Gina Martin Adams 45:40
Yeah. Well, the first is that the hiking cycle is over. To the degree that the hiking cycle is contributing to limited risk tolerance. That’s done. And so just having that overhead removed from the equity market is hugely positive, you don’t have to worry about the Fed hiking rates, at least in the short run. It doesn’t mean by like, 2024, we’re not going to be talking about it again, we could be talking about it for 2025-2026. I think that there’s a real possibility that we’re in this more volatile environment than anybody wants to believe. But nonetheless—
David Lundgren, CMT, CFA 46:15
Do you think, okay, so we have—rates are not going to be hiked again.
Gina Martin Adams 46:18
Yeah.
David Lundgren, CMT, CFA 46:19
But looking for the route, what do you assign more odds to another hike eventually, or a rate cut?
Gina Martin Adams 46:25
I think they’ll cut first. I think you’ll get cuts first, because inflation is easing enough that they’ll feel comfortable that they’ve got inflation contained. But I think there’s a really strong possibility that that inflation is actually not contained. They’ll get comfortable and complacent again, inflation won’t be as contained as they’d like to see, and then they have to hike again.
David Lundgren, CMT, CFA 46:46
You know, you’re describing the 70s. Right?
Gina Martin Adams 46:48
Yeah, it’s very much 60s/70s mentality.
David Lundgren, CMT, CFA 46:51
Yeah. Yeah, that’s kind of incredible.
Gina Martin Adams 46:53
So I’m not sure that they have a completely contained because I don’t think that the inflation was the result of EZ Fed policy alone. And this is where I think we get a little distorted: the Fed can only control so much. They can control the flow of money. But frankly, if inflation is perpetuated by the combination of deglobalization, decarbonisation just, you know, federal government deficit spending, even demographics, these are not controllable events by the Fed, they can’t, you know, tighten their way into controlling that kind of inflation. Those are supply side inflation issues predominantly. And if we have supply side inflation issues, the Fed can only do so much. They can try, and they certainly will try, but I’m not sure that they’re going to be able to have this huge impact on containing inflationary conditions. You know, I think you would really struggle to suggest that this inflation that we had from 2021 and 2022 had anything to do with debt accumulation. Was it really a function of lower interest rates, driving accumulated debt and driving economic activity? I would say no, I don’t think a lot of people borrowed a ton of money in 2021 and 2022, when rates were much lower, and in order to falsely amplify growth, it was really about supply side. So the supply side seems to have temporarily been contained, as they’re reducing demand with their policy, we could easily have another supply side spike. And that I’m concerned about. Weather events create inflation not controllable by the Fed, geopolitical changes create inflation, demographic shifts create inflation. None of this is about the supply of money.
Tyler Wood, CMT 48:45
And we all love the fairy tale that there’s a separation of church and state between what the Feds doing and what our elected officials are doing, but do you think government spending and debt servicing plays any role in what the Fed is considering for setting those rates?
Gina Martin Adams 49:01
I would like to think no.
Tyler Wood, CMT 49:04
Sleep well, children, they’re totally separate. There’s no connection.
Gina Martin Adams 49:08
I would like to say no, but I do think there is a lot of pressure, when the deficit is as high as it is when we have to fund the deficit, there is a lot of pressure to keep rates as low as possible and allow inflation to move at a higher pace. And I think that’s the state that we’re in, is inflation is going to mask away some of the debt. Will they be able to keep interest rates low and allow that inflation to potentially get out of control? I don’t know.
Tyler Wood, CMT 49:40
Isn’t inflation how we paid for our debts after World War Two?
Gina Martin Adams 49:43
That’s right. This is why we have— yeah. So inflation is not always a big a horrible thing if you’re an indebted nation as long as you can keep the capital flowing to you. And it doesn’t become pervasive throughout the country. But I think we’re flirting— we’re very much flirting with it.
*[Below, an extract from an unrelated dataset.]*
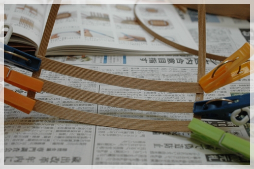 まずは底から。始末紐に横紐をボンドで止めていって。
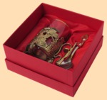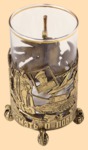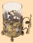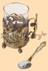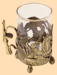 В комплекте подстаканник, ложка, стеклянный стакан, подарочная упаковка. Диаметр основания - 7,5 см, высота подстаканника (без стакана) - 9 см. Материал - латунь (литье) Покрытие - никель (чернение) Производитель Россия

David Lundgren, CMT, CFA 50:01
Exactly.
Tyler Wood, CMT 50:02
I had a chat with a good friend in Cairo this morning, who was lamenting the government spending and the runaway inflation and what, you know, what that really dark outcome can be if it is left uncontrolled. So hopefully our our needle threading Fed maintains that very delicate balance.
Gina Martin Adams 50:21
Yeah.
David Lundgren, CMT, CFA 50:21
We have about, I think about 10 minutes here. So let’s see if we can swing this conversation to 2024, everything we talked about, what what to you—you’re more optimistic on the coming year, but obviously, in the context of a very volatile environment. So what has your attention in terms of sectors likely to lead in the coming year? Where would you steer our clients towards in terms of their capital?
Gina Martin Adams 50:48
Yeah, so we run a sector scorecard that actually equivalently rates, price momentum and price spreads, earnings revisions, earnings trend, and relative valuations across all sectors. And it’s a very tactically oriented scorecard. So we update it every quarter. But as of the most recent quarter, it was still pointing to tech and communications as two sectors that are very, very well positioned. A lot of that is the trailing price momentum, which is still very strong for this space, but also the earnings trend, which is leading the index higher. But the two surprises at the top of the scorecard joining tech and communications are financials and energy. And I think this is a really compelling sort of story for 2024. Everybody hates financials because we’re all terrified of the banks. But nonetheless, the yield curve does appear to have passed its maximum inversion point, which is historically pretty good for financial sector, the sector is producing some degree of earnings momentum after the major losses of 2023. The comp is pretty easy. Revisions have been generally quite stable for financials, and it’s not as much about the banks anymore, which I think is also interesting when you look at large-caps as well as small-caps, the banks are smaller portions of the market cap as a result of the distress that they went through in 2023. So leadership is really, really sort of sneakily transitioning into FinTech, asset management, consumer finance, kind of the non bank industries, within financials. So that’s one interesting sort of tidbit on the scorecard, and definitely meant by consensus.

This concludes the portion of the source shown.